Today, though, Erdoğan is far more autocratic than democratic. Time and again, he’s undermined the idea of free speech, especially online, and he has severely restricted press freedom. Earlier this year, his government seized the fiercely independent Zaman newspaper. In the 2013 standoff over Gezi Park, he showed no real compunction in dispersing protestors gathering in Taksim Square. Whereas his government could once claim that it had delivered broad cultural, linguistic and political autonomy to Turkey’s long-suffering Kurdish minority, he used the pretext of political violence last summer to crack down on Kurdish communities, reigniting conflict with the militant Partiya Karkerên Kurdistanê (PKK, Kurdistan Workers’ Party) in a bid to undermine Demirtaş, the HDP and the Kurdish democratic movement. That has complicated the regional efforts against ISIS, which pits American and Turkish forces alongside Kurdish peshmerga forces.
His push to transform Turkey from a parliamentary republic into a presidential one has undermined the role of the prime minister and consolidated power further into Erdoğan’s hands. Erdoğan might now well use the failed coup as an attempt to grab even more power, perhaps using a popular referendum to hollow out the national assembly’s powers once and for all.
What we still don’t know
We don’t know what comes next for Turkey, but the stakes couldn’t be higher. The fallout effects of a destabilized Turkey could touch the ongoing Syrian civil war and the effort to defeat ISIS, the grinding lack of progress in unifying Iraq, the flow of Syrian and other migrants into the European Union, the long-term unity of NATO, the political future of Kurds in Turkey, Syria and Iraq, and so on.
It’s hard to be sanguine about Turkey’s near-term future.
We don’t yet know the extent to which Erdoğan will use the coup to double down on paranoia and authoritarianism. But we already have some idea. Talk of ‘cleansing’ the military and discussion of restoring the death penalty suggests that Erdoğan is already using the coup as a pretext for implementing a crackdown against his enemies — both real and imagined.

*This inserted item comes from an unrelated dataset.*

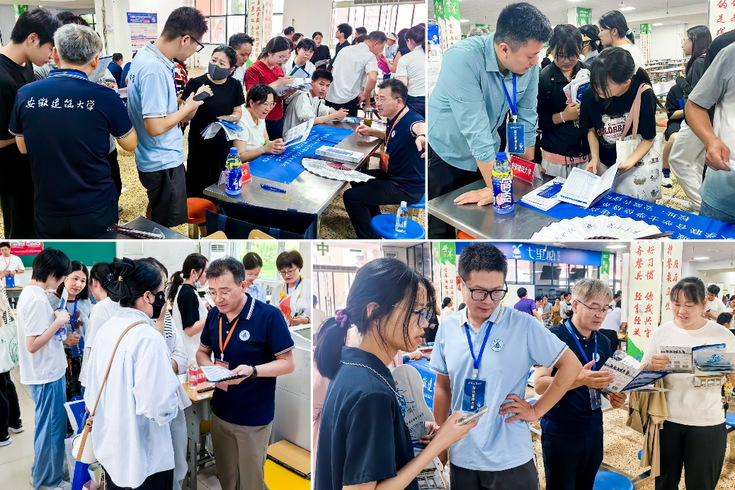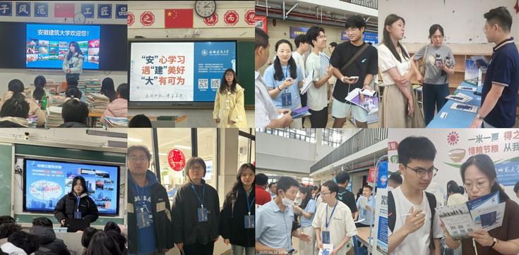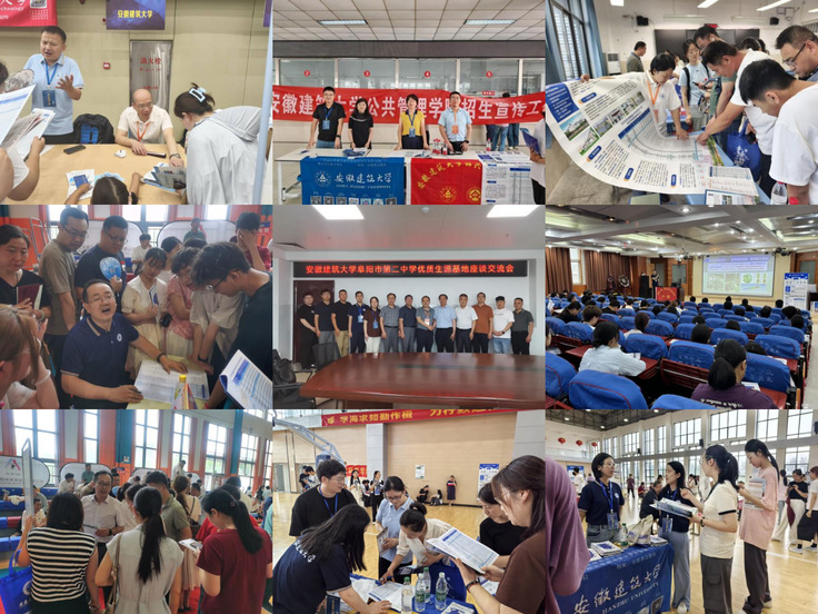 善事:多场域展开招宣活动。一方面,分布式开展大范围线下宣传。6月25日至28日期间,学院领导带领20余位教师赶赴阜阳市、滁州市、天长市等地的省内示范高中和优质生源中学,开展“专场招生宣讲”“优质生源地座谈”“现场咨询答疑”等线下招生宣传活动。通过专场招生宣讲会,介绍学校发展历程、学科优势、专业设置以及就业前景等内容,播放招宣视频,大幅提升了学生及家长对安建大的认知度、认可度、认同度。通过优质生源地座谈会,与阜阳二中、炳辉中学等校领导、高三班主任代表重点阐释安建大办学优势、招生政策与专业特色,并深入交流谋划未来合作,强化了相关中学与安建大的联系密度。通过设立招生咨询点,面对面深度交流学校及学院专业设置、特色优势、前沿培养体系以及广阔的就业与发展前景,受到学校领导老师、同学们和家长们的热烈欢迎。
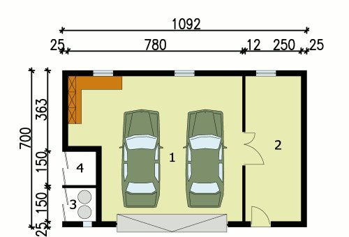 Projekt garażu dwustanowiskowego z pom. gospodarczym

We don’t know what role, if any, that Fethullah Gülen, the exiled Turkish cleric, played in the coup (as opposed to his followers within the Turkish military). As usual, the truth lies unreachably between Erdoğan’s state-sanctioned paranoia and utter blamelessness. But Erdoğan has already called in strident terms for the United States to extradite Gülen. It’s not clear how far Erdoğan is willing to shred relations with the United States unless Turkey has real evidence that Gülen was somehow involved from his home in rural Pennsylvania, which seems to strain credulity. When he first took power, Erdoğan and the Gulenists worked together to defeat the Kemalist elite. Increasingly, however, since Gulenists brought to light several corruption scandals in Erdoğan’s government, the president has turned on Gulenists, systemically removing them from key positions, including in the military.
But a diplomatic conflict with Turkey, at a time when US military forces are pushing to eliminate ISIS’s grip on eastern Syria and western Iraq, is hardly welcome. Moreover, at a time when NATO is facing challenges on all fronts (from Brexit to criticism from Republican presidential candidate Donald Trump to rising tensions with Russia), deep conflicts between two NATO allies could invite further global and regional instability.